The Shops at Mission Viejo (originally the Mission Viejo Mall) is a shopping mall located in Mission Viejo, California.  It is the southernmost mall in Orange County and is anchored by 2 Macy's locations, Nordstrom & Dick's Sporting Goods. The Shops at Mission Viejo is managed by Simon Malls, who owns 51% of it.

History
The mall opened in 1979 as the Mission Viejo Mall, anchored by Bullock's, May Company, J.W. Robinson's, and Montgomery Ward. The mall featured a three-screen Edwards movie theater, which was closed in 1998 and replaced that same year by the 10-screen Edwards Kaleidoscope across the street.
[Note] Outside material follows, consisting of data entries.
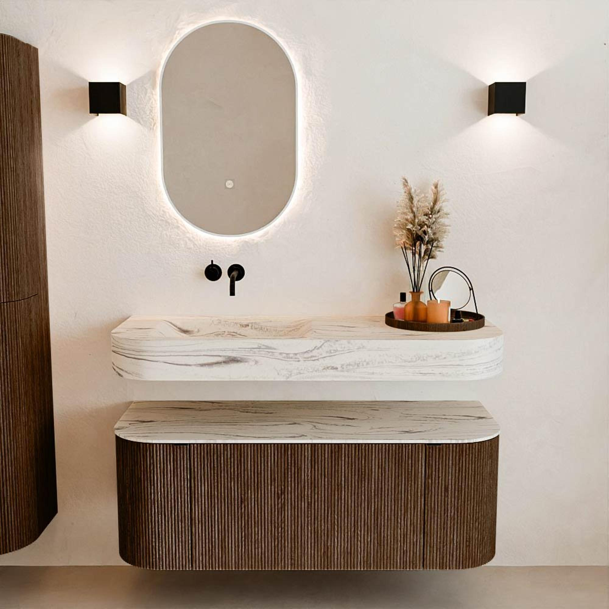 Matériaux naturels dans des tons chauds. Les nervures verticales apportent rythme et texture au design, tandis que le chêne confère une apparence chaleureuse et artisanale. Choisissez parmi 5 teintes de bois OAK, WALNUT, DUSK, SHADOW et RUBY, des couleurs de bois soigneusement sélectionnées pour enrichir les salles de bains modernes et classiques.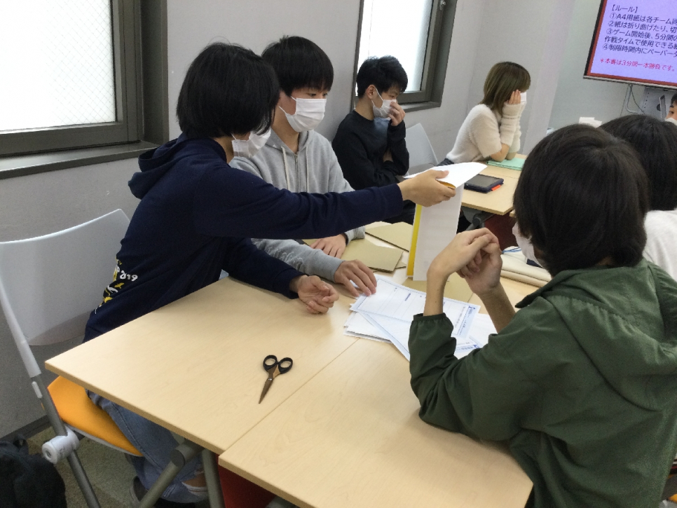 アイスブレイクで、ペーパータワーを作っています!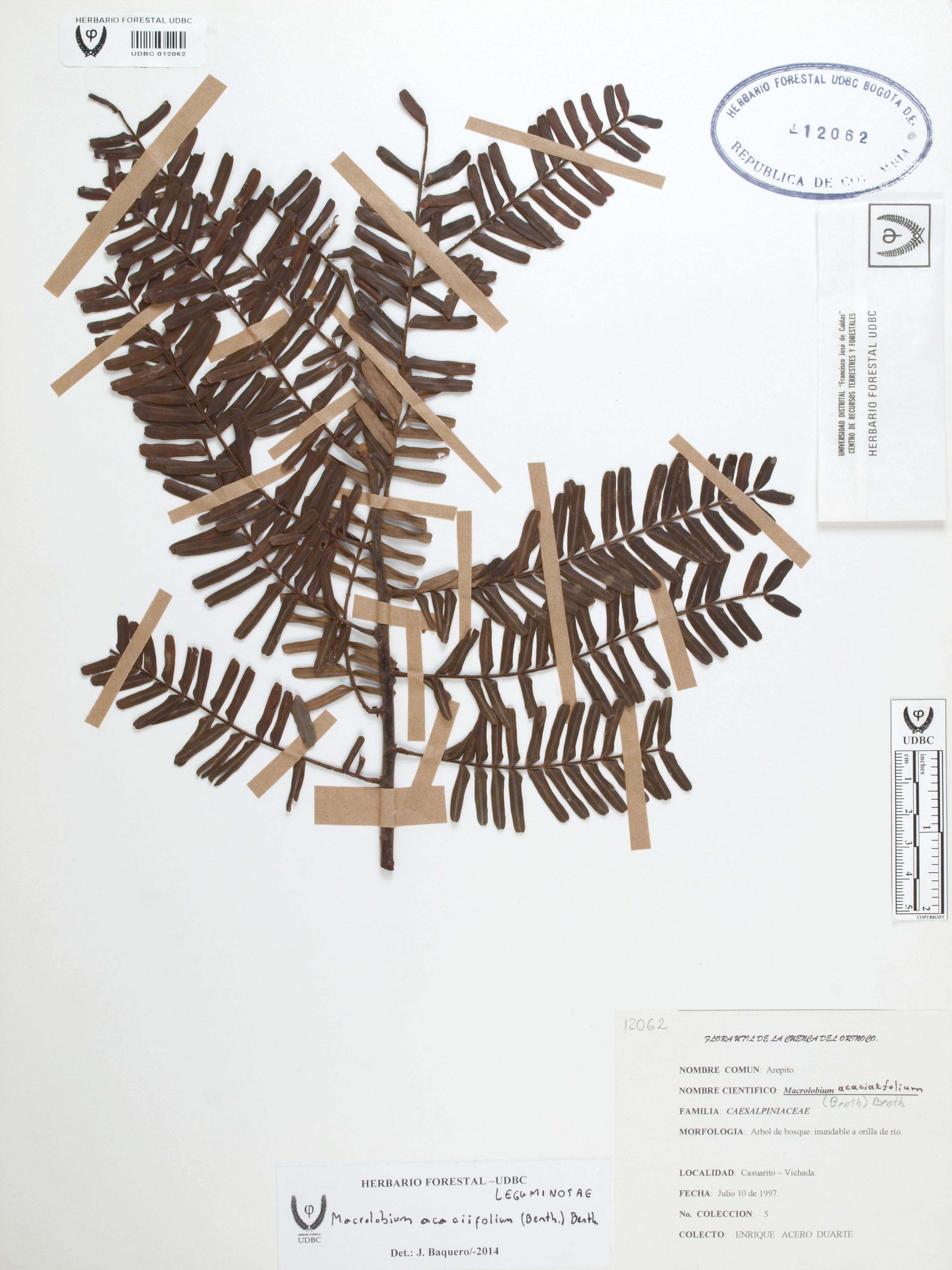 Fotografía del ejemplar Acero, E. 5, determinado como Macrolobium acaciifolium en el año 2014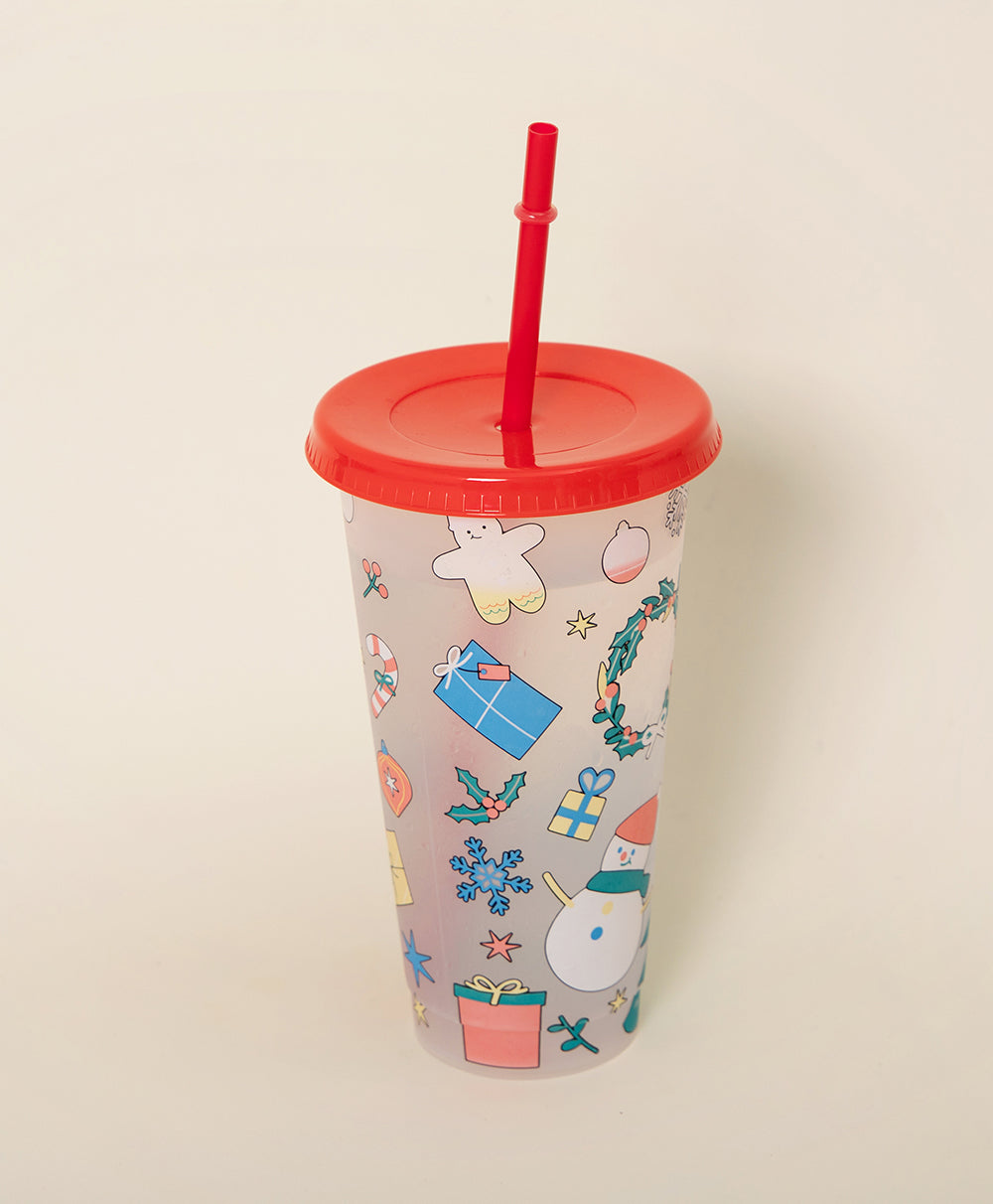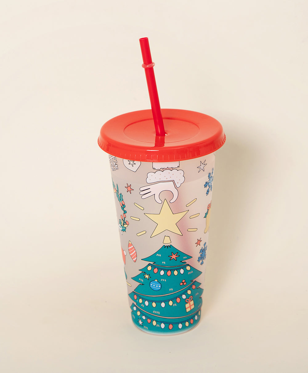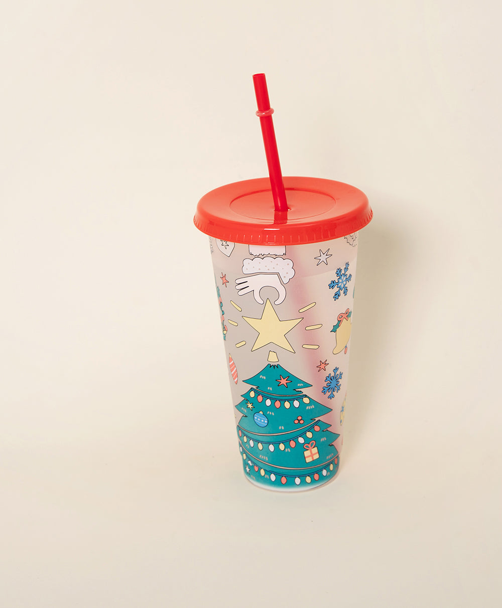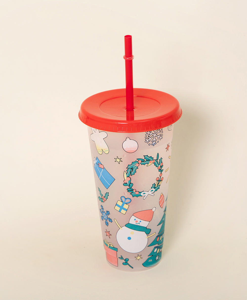 Christmas Plastic Thermocolor Cup with straw

Both Robinson's and May Company became Robinsons-May in 1993 while Bullock's became Macy's in 1996. In the year 1999, it underwent a $150 million renovation and expansion that brought many new retailers, including Nordstrom (replaced Montgomery Ward) and Saks Fifth Avenue. The original mall had been criticized since its opening for its poor interior lighting, a product of the 1970s energy crisis. The 1999 renovation greatly brightened the interior.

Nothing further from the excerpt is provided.